Ao terminar o carnaval o ano começou de fato com uma 4ª de cinzas "inesquecível". A extrema direita foi convocada para na data de 15 de 
março, marcando o novo momento de micareta proto-fascista no Brasil ---- em transe pós-golpe coxinha. Parece piada, mas a situação é bem 
séria. O general de Exército Augusto Heleno Ribeiro Pereira (4 estrelas), ministro-chefe do Gabinete de Segurança Institucional (GSI), como 
figura de proa do reacionarismo militar de alta patente, está dobrando a aposta. ----  O uso discricionário do orçamento da União é o sonho 
putrefato de Paulo Guedes e sua laia de Chicago Boys e mesmo que saia um acordo de oligarcas, apenas a hiper-exposição do ex-membro da alta 
hierarquia do Comitê Olímpico Brasileiro na Era Nuzman já foi demonstração suficiente de estranhas lealdades na caserna. Augusto Heleno se 
coloca à frente da destinação do orçamento impositivo. Se o Parlamento ceder, o pinochetista civil do governo, Paulo Guedes, apontaria uma 
contrapartida, prometendo aumento da margem orçamentária destinada aos estados. Na prática seria o golpe de morte na Constituição de 1988, 
ponto de confluência de toda direita, que vai de oligarcas decadentes aos ultra liberais do "novo", passando por tucanos e arrivistas 
militarizados como os do PSL.
Ainda tem muito em jogo, mas a dimensão estrutural já foi alterada. Para a camarilha de fariseus pentecostais e "neopentecostais", os que 
manipulam os milhões de brasileiros e brasileiras das várias linhas do evangelicalismo, o gol já foi marcado no governo Temer. Ainda que 
sempre pressionam por mais legislação de hereges praticantes do pecado da usura, as "igrejas" empresariais são o fluxo de caixa da pobreza, 
ultrapassando tanto as pastorais sociais como o digno esforço das linhas evangélicas de tipo diálogo ecumênico, fé e política de libertação.
Digo isso porque quem mobiliza parcialmente a pobreza são as empresas controladas por fariseus midiáticos, considerando que com a "reforma 
trabalhista", o caixa dos sindicatos (mesmo burocratizados) minguou. De onde já não saía quase nada, agora sai menos ainda. Logo, as redes 
sociais e os canais de comunicação de primeiro nível societário - grupos de amigos, familiares, espaços de trabalho, afinidades de costumes, 
religião e espaço geográfico - todos estes nichos de comunicação estão permeados por bandos de direita pregando de forma irracional suas 
imbecilidades. É o padrão Homer Simpson, não precisa provar nada, basta querer crer que a crença se torna parcialmente "real". Repetidos mil 
vezes, os clichês se tornam "conceitos" e a cloaca ideológica é transformada em estrutura de mentalidade. Maldita "pós-verdade", cada vez 
mais presente no Brasil.
Com tamanho bloqueio, a luta da "sociedade civil" recai sobre quem está mobilizado, tanto socialmente como virtualmente. Na mosca para a 
direita fascistoide.

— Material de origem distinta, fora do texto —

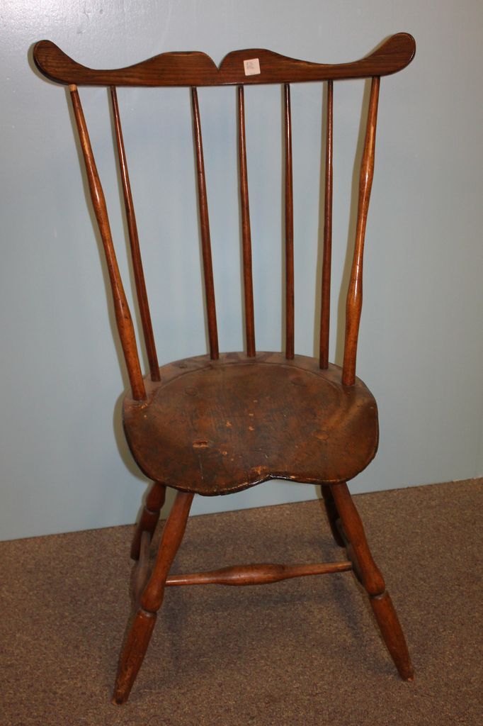 Early Windsor Chair with Unusual Round Seat; 17" w., 16 1/2" d., 37" h. Early Windsor Chair with Unusual Round Seat; 17" w., 16 1/2" d., 37" h.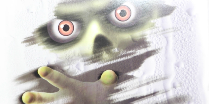 Si buscas hacer algo fuera de lo común, puedes enfocar tu decoración hacia el lado terrorífico. Puedes usar adhesivos de figuras escalofriantes en las ventanas.

Atacam o feminismo difuso - observando o fenômeno geracional das mulheres brasileiras -; os territórios indígenas e 
quilombolas - mais organizados que nunca e hoje formando a primeira linha de resistência-; fazem um escândalo acusando a defesa LGBTQ+ como 
sendo "ideologia de gênero"; promovem a guerra cultural contra as "esquerdas" - e aí atacam diretamente a instituição universitária que 
supostamente seria a maior difusora desta matriz de pensamento.

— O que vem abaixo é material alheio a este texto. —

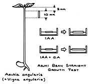僕の仮説が正しければ、コルヒチン処理はジベレリンの作用を無効にするはずです。オーキシンとジベレリンの混合液にコルヒチンを加えると、確かにオーキシン単独の時のようにアズキの茎が太りました。セルロース合成を阻害しても同じことがおこるはずですが、当時セルロース合成を特異的に阻害する薬剤は知られていませんでした。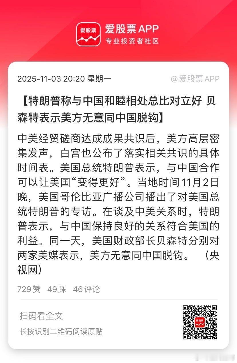 【特朗普称与中国和睦相处总比对立好 贝森特表示美方无意同中国脱钩】中美经贸磋商达成成果共识后,美方高层密集发声,白宫也公布了落实相关共识的具体时间表。美国总统特朗普表示,与中国合作可以让美国“变得更好”。当地时间11月2日晚,美国哥伦比亚广播公司播出了对美国总统特朗普的专访。在谈及中美关系时,特朗普表示,与中国保持良好的关系符合美国的利益。同一天,美国财政部长贝森... 天天都是心口不一的

Enquanto a guerra foi essa, a "nata colonizada" ganhava simpatias ou ao menos um que de "mal menor" porque os entreguistas não gostam do 
chefe mas amam o especulador Paulo Guedes e idolatram Sérgio Fernando Moro, o juiz da província que a mídia transformou em xerife do país, 
uma espécie de herói da TFP de Miami. O problema para a governabilidade é a luta "interna" em todas as instituições estatais e privadas do país.
Quem está na fogueira das direitas? A saber: os jornalões golpistas, a caserna golpista (vide o "profissionalismo" de Villas Bôas ameaçando 
o STF pelo Twitter) e o estamento jurídico e coercitivo (ou seja, a meritocracia de toga que arma todas desde a Lava Jato e está rachada de 
ponta a ponta incluindo a luta no MPF e principalmente na PF).
Já existem mais variáveis de jogadas do que cálculos possíveis e a tendência é sair um "centrão" ainda mais articulado, incluindo a 
dissidência de Dória Jr (PSDB, governador paulista) e Wilson Witzel (PSC, governador fluminense). Se o mineiro Romeu Zema (Novo) se soma, 
aumenta o balanço da corda bamba e as apostas. Alguém imagina um governo totalmente em oposição a São Paulo, Rio de Janeiro e Minas Gerais? 
Em seus estados, tais chefes do Poder Executivo operam ao estilo protofascista como Bolsonaro, mas ainda conseguem calibrar o discurso para 
se apresentarem como "opções viáveis".
Se em meados de 2019 pensávamos que o governo vivia entre crises, hoje sabemos tratar de algo mais grave. Estamos diante de uma crise 
política provocada pelo próprio governo, sua petulância e seu pânico. O presidente governa sem partido e se escora em robôs e proselitismo 
para milicos de alta patente com super salários.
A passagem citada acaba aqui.